Analyze the sentiment of each tweet and save the result to the MongoDB database.

In [10]:
for tweet in tqdm(tweet_data):
  
    prompt = f"""
    What is the sentiment of the following tweet, 
    tweet text: {tweet['tweet_text']}
    return  the result with one word as positive, neutral,or negative
 
    """
#     print(prompt)
    try:
        sentiment_result =openai_help(prompt)
    #     print(sentiment_result)

        tweet_collection.update_one(
            {'id':tweet['tweet_id']},
            {"$set":{'sentiment':sentiment_result}}
        )
    except:
        pass


  0%|          | 0/73 [00:00<?, ?it/s]

## Language translation 

Translate each tweet into a different language, and save the result to the MongoDB database.

In [11]:
for tweet in tqdm(tweet_data):
  
    prompt = f"""
    Translate the follwoing tweet into Chinese
    tweet text: {tweet['tweet_text']}
 
    """
#     print(prompt)
    try:
        translate_result =openai_help(prompt)
#         print(translate_result)

        tweet_collection.update_one(
            {'id':tweet['tweet_id']},
            {"$set":{'translate':translate_result}}
        )
    except:
        pass


  0%|          | 0/73 [00:00<?, ?it/s]

## Identify emotions

Identify whether a tweet expresses anger, and save the result to the MongoDB database.

In [12]:
for tweet in tqdm(tweet_data):
  
    prompt = f"""
    Does the following tweet express anger?
    Provide the result as eitehr True or False.
    tweet text: {tweet['tweet_text']}
 
    """
#     print(prompt)
    try:
        emotion_result =openai_help(prompt)
    #     print(emotion_result)

        tweet_collection.update_one(
                {'id':tweet['tweet_id']},
                {"$set":{'anger':emotion_result}}
            )
    except:
        pass


  0%|          | 0/73 [00:00<?, ?it/s]

## Extract entities

Extract person and organzation names from each tweet and save the result to the MongoDB database. 

In [13]:
for tweet in tqdm(tweet_data):
  
    prompt = f"""
    Identify persons or organzations from the following tweet,
    tweet text: {tweet['tweet_text']},
    format the response as a JSON document with person and organzation as the keys.
    If the information is not presented, use "unknown".
    """
#     print(prompt)
    try:
        extract_result =openai_help(prompt)
#         print(extract_result)

        tweet_collection.update_one(
                {'id':tweet['tweet_id']},
                {"$set":{'extracted_item':json.loads(extract_result)}}
                )
    except:
        pass

  0%|          | 0/73 [00:00<?, ?it/s]

## Summarize

Summarize the tweet texts with a specific focus, and save the result to the MongoDB database.
By default, 50 tweets are analyzed in each batch.
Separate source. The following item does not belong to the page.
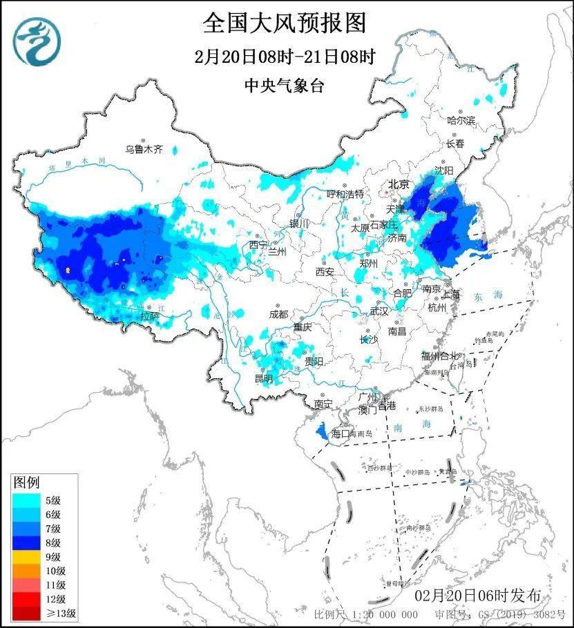 預(yù)計,2月20日8時至21日8時,西藏中西部、青海中南部、內(nèi)蒙古中西部、遼寧南部、華北東南部、黃淮西部和東部、江淮西部和北部等地的部分地區(qū)有5至7級風(fēng),陣風(fēng)8至9級。渤海、渤海海峽、黃海大部海域?qū)⒂?至8級,陣風(fēng)9至10級的大風(fēng)。

You can change the batch size based on the model you use.

In [None]:
# Define the batch size
batch_size = 50

start_index = 0


while start_index < len(tweet_data):
    batch = tweet_data[start_index:start_index + batch_size]

    tweet_id_list =[]
    tweet_text_summary =''
    
    for tweet in batch:
        tweet_id_list.append(tweet['tweet_id'])
        tweet_text_summary = tweet_text_summary+'.'+tweet['tweet_text']
        
    prompt = f"""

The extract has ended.